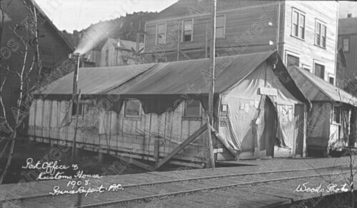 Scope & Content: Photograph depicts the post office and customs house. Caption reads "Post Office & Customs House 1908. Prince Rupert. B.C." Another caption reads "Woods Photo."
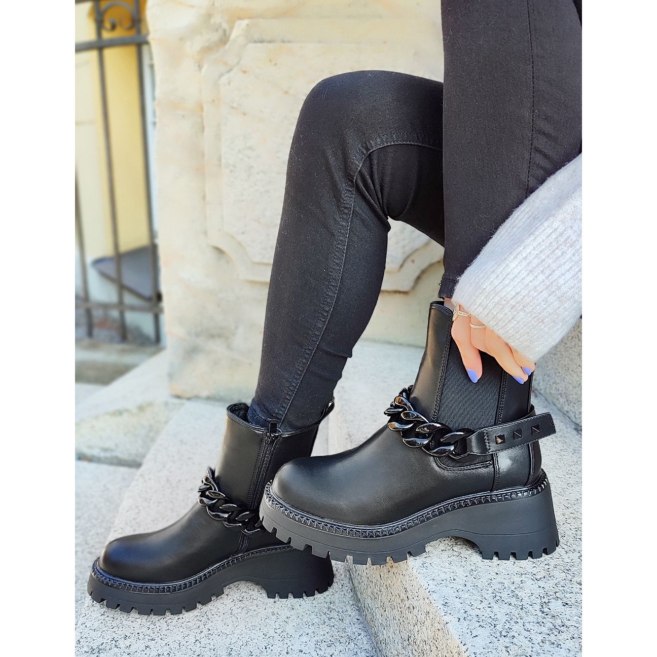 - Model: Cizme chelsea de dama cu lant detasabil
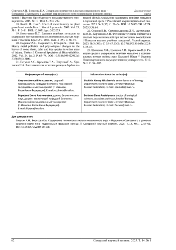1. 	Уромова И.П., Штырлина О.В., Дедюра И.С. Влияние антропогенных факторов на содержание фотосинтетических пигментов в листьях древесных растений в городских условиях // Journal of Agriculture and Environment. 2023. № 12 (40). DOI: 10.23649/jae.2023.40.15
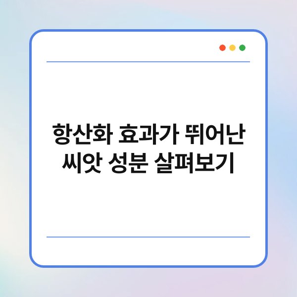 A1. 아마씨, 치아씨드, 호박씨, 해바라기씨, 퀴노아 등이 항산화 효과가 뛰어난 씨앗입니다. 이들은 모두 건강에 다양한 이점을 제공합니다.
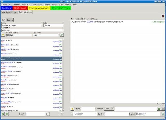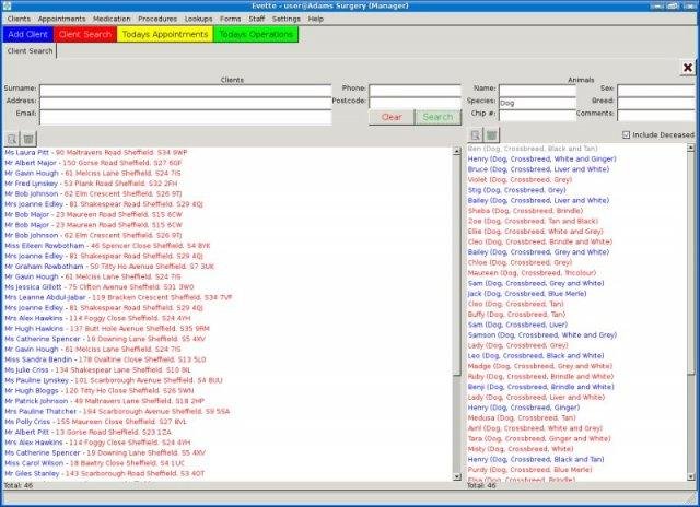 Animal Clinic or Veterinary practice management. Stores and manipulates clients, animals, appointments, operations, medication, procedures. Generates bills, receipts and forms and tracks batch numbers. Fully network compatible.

--

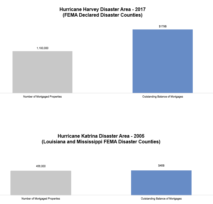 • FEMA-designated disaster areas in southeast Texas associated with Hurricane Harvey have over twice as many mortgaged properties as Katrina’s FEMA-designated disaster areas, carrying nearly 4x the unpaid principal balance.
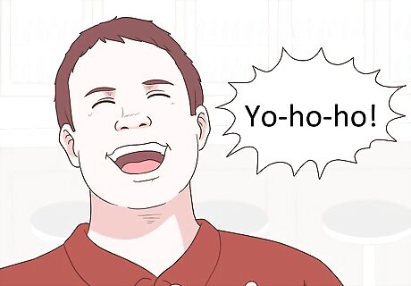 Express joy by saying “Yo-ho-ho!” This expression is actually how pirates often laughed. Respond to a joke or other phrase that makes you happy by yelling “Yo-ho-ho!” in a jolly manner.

Problem details: Output exactly, and only, the lines of the entries above from the one with "(40). DOI: 10.23649/jae.2023.40.15" up to and including the one with "A1. 아마씨, 치아씨드, 호박씨, 해바라기씨, 퀴노아"; pictures are to be left out.

Response:
1. 	Уромова И.П., Штырлина О.В., Дедюра И.С. Влияние антропогенных факторов на содержание фотосинтетических пигментов в листьях древесных растений в городских условиях // Journal of Agriculture and Environment. 2023. № 12 (40). DOI: 10.23649/jae.2023.40.15
 A1. 아마씨, 치아씨드, 호박씨, 해바라기씨, 퀴노아 등이 항산화 효과가 뛰어난 씨앗입니다. 이들은 모두 건강에 다양한 이점을 제공합니다.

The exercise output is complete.